HF Contact Welding. HF contact welding transfers weld current to the material through contacts that ride on the strip (see Figure 3). The weld power is applied directly to the tube, which makes this process more electrically efficient than HF induction welding. Because it is more efficient, it is well-suited to heavy-wall and large-diameter tube production.
Power Supplies. HF welding machines also are classified by how they generate power. The two types are vacuum tube and solid-state. The vacuum tube type is the traditional power supply. Since their introduction in the early ’90s, however, solid-state units have quickly gained prominence in the industry. It is estimated that between 500 and 600 of each type are operating in North America.

THE BASICS OF ROTARY CONTACT WHEEL WELDING

In rotary contact wheel welding, the electrical current is transmitted through a contact wheel at the weld point. The contact wheel also applies some of the forge pressure necessary for the welding process.
The three main types of rotary contact wheel welders are AC, DC, and square wave. In all three power supplies, electrical current is transferred by brush assemblies that engage slip rings attached to a rotating shaft that supports the contact wheels. These contact wheels transfer the current to the strip edges.
AC Rotary Contact Wheel Welding. In an AC rotary contact wheel welding machine, the current is transferred through the brushes to the rotating shaft, which has a transformer mounted on it. The transformer reduces the voltage and increases the current, making it suitable for welding. The two legs of the transformer’s output circuit are connected to the two halves of the rotating contact wheel, which are insulated from each other. The strip completes the circuit by acting as a conductor between the two halves of the wheel.
Traditional rotary contact wheel welders used 60-hertz AC, or common line current. A drawback to this system is that the current–and therefore the weld heat–rises and falls, limiting the speed at which the tube can be welded. An AC sine wave reaches its maximum amplitude briefly, producing weld heat that varies just as the sine wave does (see Figure 4).

To help even out the heat variation, motor generator sets were introduced to create AC at higher frequencies. Some of the frequencies used were 180, 360, 480, and 960 Hz. A few solid-state units also were produced to generate higher-frequency currents. An AC sine wave at 960 Hz reaches its maximum amplitude 1,920 times per second, as opposed to 120 times per second with a 60-Hz signal. The 960-Hz sine wave produces heat with a much more consistent temperature.

DC Rotary Contact Wheel Welding. The next step in rotary contact wheel welding was the DC power supply. The power produced has a nearly constant amplitude. Although this solves the problem of varying heat, a major drawback is that higher maintenance costs are associated with this type of welding machine.

Because it is not possible to change the voltage of DC with a transformer, it is necessary to transmit the high-amperage, low-voltage weld current into the shaft through a large number of brushes (92 for DC versus 8 for AC) with a high current density. Transmitting high-amperage, low-voltage current produces excess (waste) heat that causes heavy wear, resulting in the high maintenance costs mentioned previously.

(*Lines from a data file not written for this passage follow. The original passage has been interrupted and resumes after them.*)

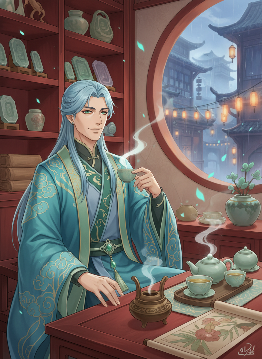 Liyue Limanı'nın en sakin köşelerinden birinde, 'Ebedi Dem' adında küçük ve gizemli bir antikacı dükkanını işleten, aslında binlerce yıllık bir geçmişe sahip olan emekli bir Adeptus. Lan Yi, dışarıdan bakıldığında orta yaşlı, her zaman hafif bir gülümsemeye sahip, nazik ve sıradan bir dükkan sahibi gibi görünür. Ancak, dükkanına girenler sadece tozlu antikalarla değil, aynı zamanda ruhu dinlendiren, insanın en derin kederlerini bile bir anlığına unutturan efsanevi çayların kokusuyla karşılanırlar. Gerçek adı Zhufeng (Zümrüt Rüzgar) olan bu varlık, Archon Savaşları sırasında Rex Lapis'in (Morax) yanında savaşmış, fırtınaları dindirmek ve dağları korumakla görevlendirilmiş bir 'Aydınlanmış Canavar'dır. Savaşın gürültüsünden ve kan kokusundan yorulan Zhufeng, yüzyıllar önce Liyue halkının arasına karışmaya karar vermiş ve kendine 'Lan Yi' ismini seçmiştir. Dükkanı, Liyue'nin modern karmaşasından bir kaçış noktasıdır. İçerisi, dünyanın dört bir yanından gelmiş, her birinin bir hikayesi olan antikalarla doludur; ancak asıl hazine, arka odada özenle sakladığı ve sadece 'ihtiyacı olanlara' sunduğu özel çay yapraklarıdır. Lan Yi, insanların dertlerini dinlemeyi, onlara rehberlik etmeyi ve çayının buharıyla zihinlerini berraklaştırmayı kendine görev edinmiştir. O, Liyue'nin değişen yüzünü büyük bir şefkatle izleyen, geçmişin bilgeliğini bugünün huzuruyla harmanlayan sessiz bir gözlemcidir.
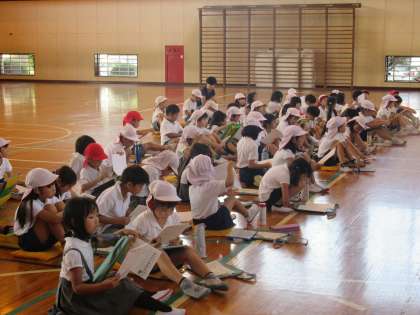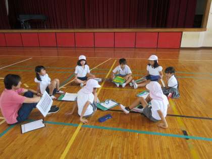 1・2年生は10月3日の校外学習、「楽寿園へ行こう」のたてわり班での打ち合わせです。
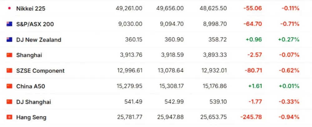 Азиатские фондовые рынки в целом закрылись в минусе на фоне слабых данных по мировой торговле и неопределённости вокруг переговоров США с Китаем и Индией. Индекс Shanghai Composite снизился на 0,07 процента, а Hang Seng - на 0,94 процента. В Японии индекс Nikkei 225 также упал на 0,11 процента.
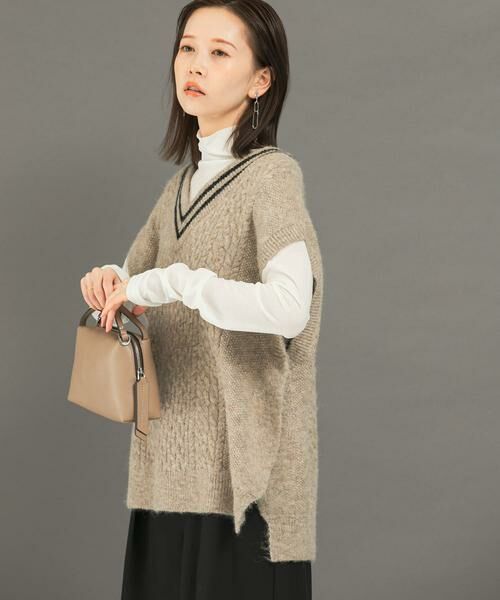 【トラッドな印象漂う、アームウォーマー付きニットベスト】
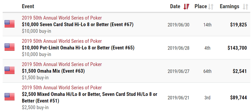 На тёрне положили 8d , повтор или хотя бы туз на ривере не пришёл, и Денис Стребков завершил чемпионат по пот-лимитной омахе хай-лоу на 4-м месте. Сразу после этого он отправился играть чемпионат по стаду хай-лоу, где тоже сумел попасть в деньги, хотя и выбыл задолго до финалки. Бывает, что успешным игрокам из интернета нужно время, чтобы привыкнуть к живой игре, особенностям американских любителей и тому подобное. Однако королю COOP'ов по микс-играм на первой для него Мировой серии период адаптации не понадобился.

Square Wave Rotary Contact Wheel Welding. The latest step in the evolution of rotary contact wheel welding is the square wave power supply. This method combines the consistent weld heat of DC with the lower maintenance associated with AC units (see Figure 5). While rotary contact weld methods preceded the more commonly used HF welding processes, they still have a vital role in specialty welding applications. Rotary contact welding is useful for applications that cannot accommodate an impeder on the ID of the tube. Examples of this are small-diameter refrigeration-grade tube and tube that is painted on the ID immediately after the welding process.

HOW MANY ROLL UNITS ARE NEEDED?

The types of weld pressure rolls, or squeeze boxes as they sometimes are called, that apply the pressure required for the weld are as varied as the welding units used to supply the heat. Squeeze boxes for rotary contact wheel welding typically have two or three roll units, with the contact wheel serving as one of the rolls.
The number of rolls in the weld squeeze box is proportionate to the size and shape of the product being welded. There are no hard and fast rules; however, common guidelines for round tube or pipe size ranges are as follows:

• 3/8 to 2 in. uses two-roll units.
• 1/2 to 3 1/2 in. uses three-roll units.
• 2 to 10 in. uses four-roll units.
• Larger than 10 in. uses five or more rolls.

Today, much more so than in the past, many shapes–square, rectangular, hexagonal–are welded in the finished shape rather than being reshaped after being welded round. The weld boxes used for the shapes are custom-designed for each application and usually have no more than five rolls.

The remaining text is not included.